● Work instructions:
Reproduce the records below exactly; the images should not appear.

───

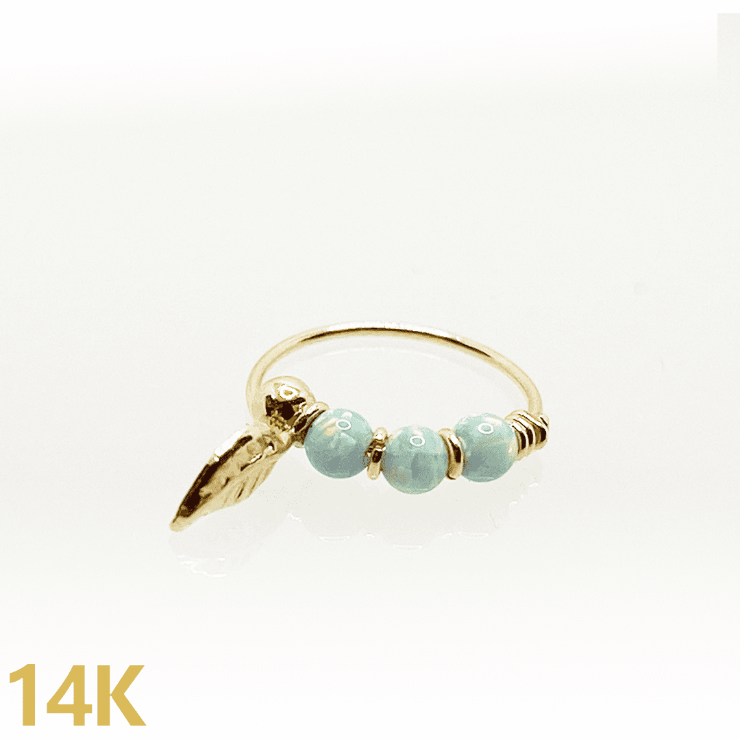 פירסינג אופל ונוצה 8 מ"מ- ירוק בהיר זהב צהוב
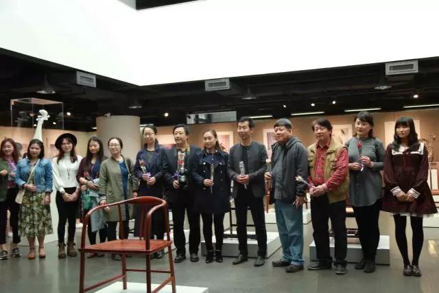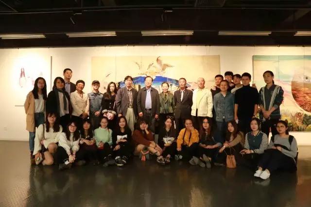 院长邓国源、院党委副书记蒋宗文陪同嘉宾与我院师生在展厅合影
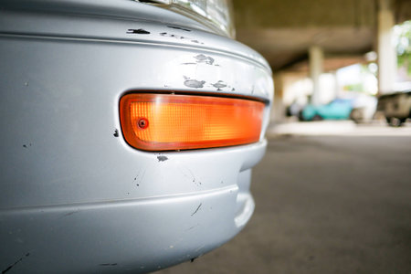 Car rear light with bumper scrash and broken by accident on road,Car insurance concept
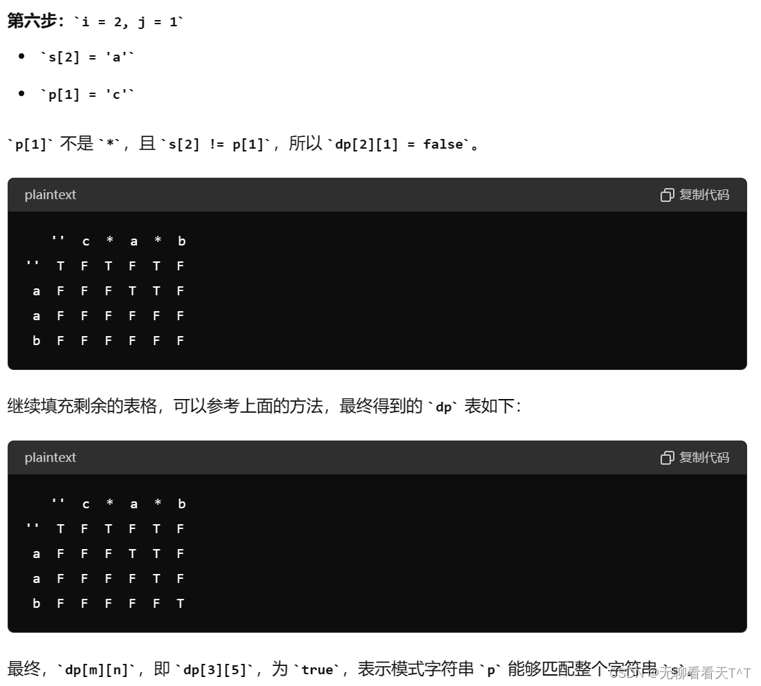 2、③可以总结为:当 dp[i][j-2] 为真或者 (p[j-1] == '.' || p[j-1] == s[i])一个为真且 dp[i-1][j] 为真,则dp[i][j]为真(整合后p[j]==*时引发的所有结论,可以发现这些结论的本质就是围绕p[j-1]*的组合是空串还是非空串进行研究并得出结论的)
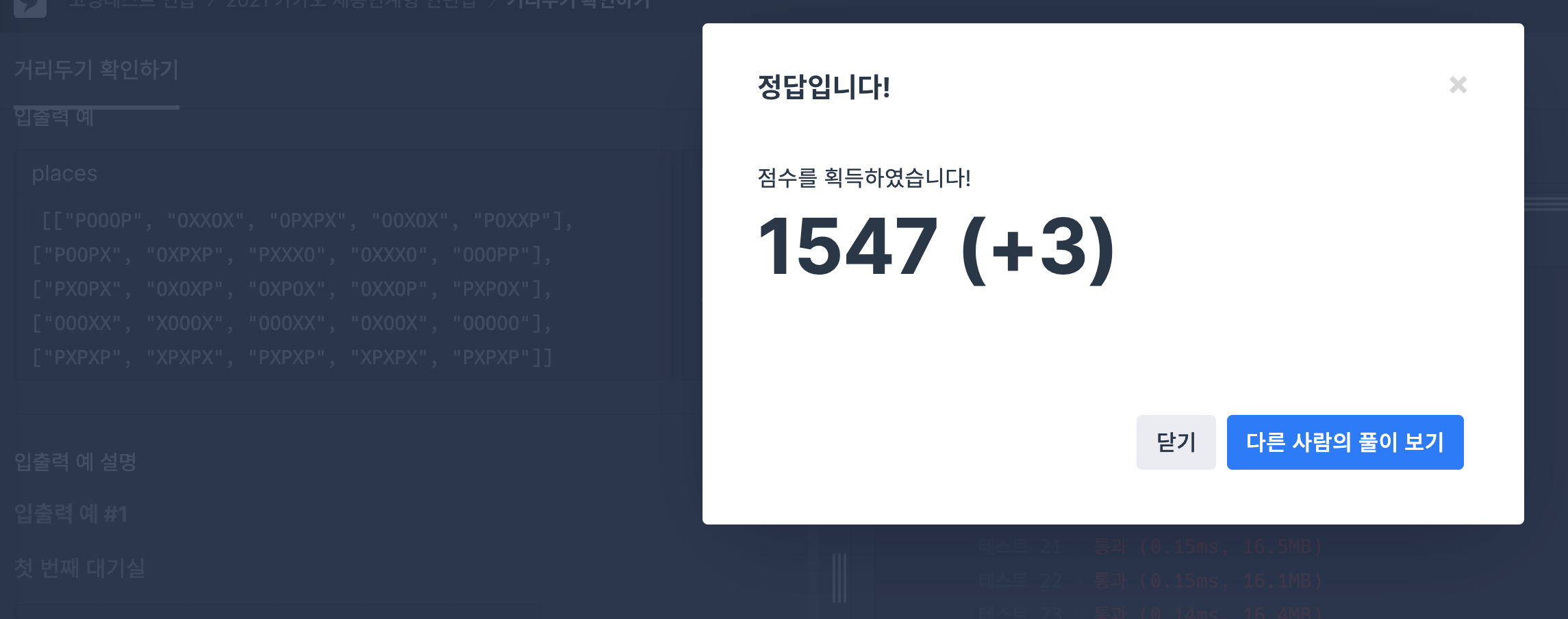 오늘은 카카오인턴 문제 중 거리두기 확인하기 문제를 풀어보겠습니다.

───

● Exercise output:
 פירסינג אופל ונוצה 8 מ"מ- ירוק בהיר זהב צהוב
 院长邓国源、院党委副书记蒋宗文陪同嘉宾与我院师生在展厅合影
 Car rear light with bumper scrash and broken by accident on road,Car insurance concept
 2、③可以总结为:当 dp[i][j-2] 为真或者 (p[j-1] == '.' || p[j-1] == s[i])一个为真且 dp[i-1][j] 为真,则dp[i][j]为真(整合后p[j]==*时引发的所有结论,可以发现这些结论的本质就是围绕p[j-1]*的组合是空串还是非空串进行研究并得出结论的)
 오늘은 카카오인턴 문제 중 거리두기 확인하기 문제를 풀어보겠습니다.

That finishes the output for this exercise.